Isotropic universe with almost scale-invariant fourth-order gravity

TL;DR

This paper investigates isotropic vacuum cosmologies in fourth-order gravity with scale-invariant Lagrangians, deriving exact solutions and analyzing their inflationary behavior, including modifications from de Sitter to power-law inflation.

Contribution

It provides closed-form solutions for flat Friedmann models in a broad class of scale-invariant fourth-order gravity theories, highlighting how additional terms alter inflationary dynamics.

Findings

Exact solutions for flat Friedmann cosmologies in specified gravity models.

Demonstration of transition from de Sitter to power-law inflation via G ln G term.

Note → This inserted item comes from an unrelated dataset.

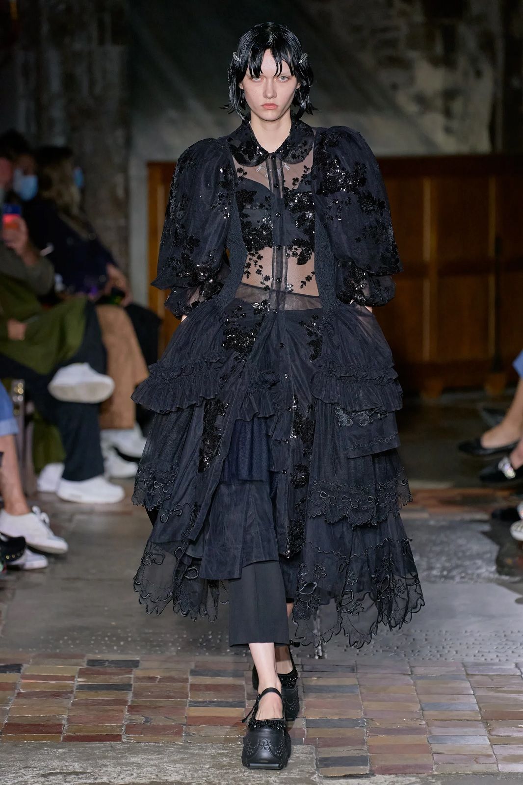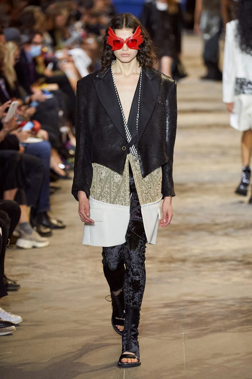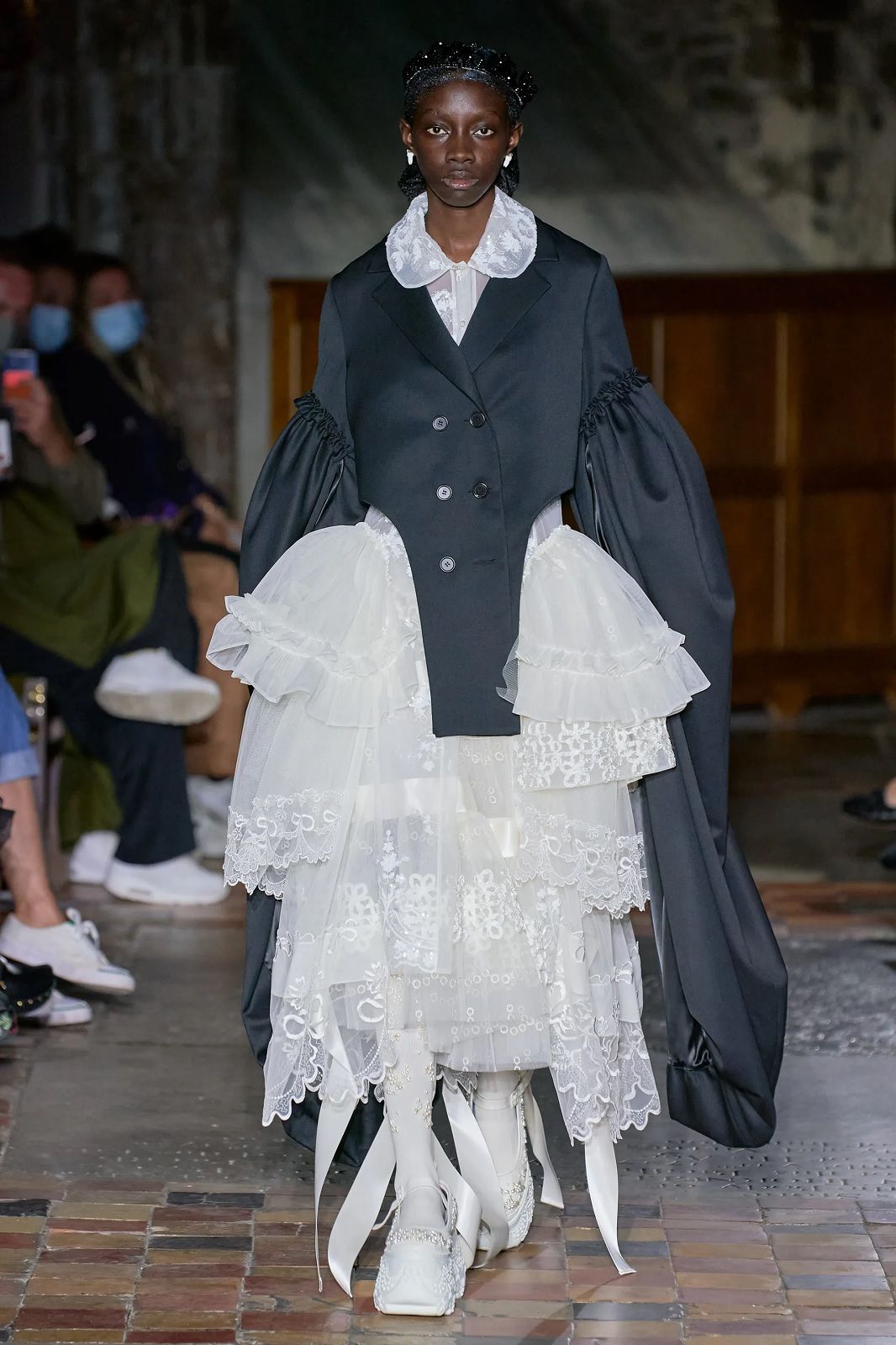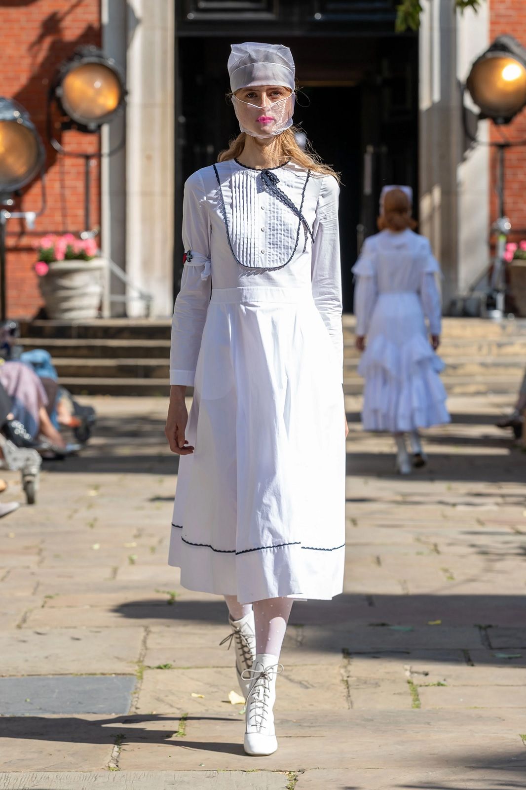 Bora Aksu is inspired by the nurses of the First World War. The result is surprisingly romantic, with transparent dresses, full of ruffles and embroidery. Choosing to replicate one of these SS21 looks for Halloween can be a good idea to exorcise the fears we are experiencing and insert the use of the mask in style. Aksu has proposed it in sheer fabric, to let you see the lips painted in blue and fuchsia, but, if you want, you can choose to wear the surgical mask and print it on a simple lipstick kiss.

Identification of attractor solutions influencing early and late-time universe behavior.

Abstract

We study a broad class of isotropic vacuum cosmologies in fourth-order gravity under the condition that the gravitational Lagrangian be scale-invariant or almost scale-invariant. The gravitational Lagrangians considered will be of the form L = f(R) + k(G) where R and G are the Ricci and Gauss-Bonnet scalars respectively. Specifically we take f(R) = R^2n and k(G) = G^n or k(G) = G ln G. We find solutions in closed form for a spatially flat Friedmann space-time and interpret their asymptotic early-time and late-time behaviour as well as their inflationary stages. One unique example which we discuss is the case of a very small negative value of the parameter b in the Lagrangian L = R^2 + b G ln G which leads to the replacement of the exact de Sitter solution from L = R^2 (being a local attractor) to a power-law inflation exact solution also representing a local attractor. This shows how one can modify the dynamics from de Sitter to power-law inflation by the addition of the G ln G-term.